DESCRIPTION OF THE TASK =>
What the task needs is every record repeated exactly, nothing more.

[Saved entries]
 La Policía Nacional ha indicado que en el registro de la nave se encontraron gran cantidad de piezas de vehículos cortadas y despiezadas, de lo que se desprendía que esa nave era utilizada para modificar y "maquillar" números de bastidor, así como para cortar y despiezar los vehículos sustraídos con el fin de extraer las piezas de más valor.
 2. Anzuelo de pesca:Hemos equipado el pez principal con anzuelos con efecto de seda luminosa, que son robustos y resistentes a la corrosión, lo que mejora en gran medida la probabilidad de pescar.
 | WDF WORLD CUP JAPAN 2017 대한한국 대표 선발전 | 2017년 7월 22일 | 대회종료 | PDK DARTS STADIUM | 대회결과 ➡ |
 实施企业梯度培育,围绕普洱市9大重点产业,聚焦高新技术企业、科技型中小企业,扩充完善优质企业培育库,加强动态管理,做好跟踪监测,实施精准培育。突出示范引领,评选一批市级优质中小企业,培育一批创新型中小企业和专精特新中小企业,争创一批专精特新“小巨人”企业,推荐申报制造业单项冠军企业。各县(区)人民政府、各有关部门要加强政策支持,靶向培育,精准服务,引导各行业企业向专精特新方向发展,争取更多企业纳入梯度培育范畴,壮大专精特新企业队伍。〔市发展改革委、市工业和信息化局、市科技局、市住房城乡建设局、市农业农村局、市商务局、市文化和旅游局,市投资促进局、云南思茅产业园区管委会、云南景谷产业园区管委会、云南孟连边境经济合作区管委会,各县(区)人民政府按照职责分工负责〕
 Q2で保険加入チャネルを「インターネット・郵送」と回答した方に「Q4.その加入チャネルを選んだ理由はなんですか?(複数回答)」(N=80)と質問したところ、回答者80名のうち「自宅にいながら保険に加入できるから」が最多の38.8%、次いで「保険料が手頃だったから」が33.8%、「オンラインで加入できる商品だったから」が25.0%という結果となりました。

RESPONSE TO THE EXERCISE =>
 La Policía Nacional ha indicado que en el registro de la nave se encontraron gran cantidad de piezas de vehículos cortadas y despiezadas, de lo que se desprendía que esa nave era utilizada para modificar y "maquillar" números de bastidor, así como para cortar y despiezar los vehículos sustraídos con el fin de extraer las piezas de más valor.
 2. Anzuelo de pesca:Hemos equipado el pez principal con anzuelos con efecto de seda luminosa, que son robustos y resistentes a la corrosión, lo que mejora en gran medida la probabilidad de pescar.
 | WDF WORLD CUP JAPAN 2017 대한한국 대표 선발전 | 2017년 7월 22일 | 대회종료 | PDK DARTS STADIUM | 대회결과 ➡ |
 实施企业梯度培育,围绕普洱市9大重点产业,聚焦高新技术企业、科技型中小企业,扩充完善优质企业培育库,加强动态管理,做好跟踪监测,实施精准培育。突出示范引领,评选一批市级优质中小企业,培育一批创新型中小企业和专精特新中小企业,争创一批专精特新“小巨人”企业,推荐申报制造业单项冠军企业。各县(区)人民政府、各有关部门要加强政策支持,靶向培育,精准服务,引导各行业企业向专精特新方向发展,争取更多企业纳入梯度培育范畴,壮大专精特新企业队伍。〔市发展改革委、市工业和信息化局、市科技局、市住房城乡建设局、市农业农村局、市商务局、市文化和旅游局,市投资促进局、云南思茅产业园区管委会、云南景谷产业园区管委会、云南孟连边境经济合作区管委会,各县(区)人民政府按照职责分工负责〕
 Q2で保険加入チャネルを「インターネット・郵送」と回答した方に「Q4.その加入チャネルを選んだ理由はなんですか?(複数回答)」(N=80)と質問したところ、回答者80名のうち「自宅にいながら保険に加入できるから」が最多の38.8%、次いで「保険料が手頃だったから」が33.8%、「オンラインで加入できる商品だったから」が25.0%という結果となりました。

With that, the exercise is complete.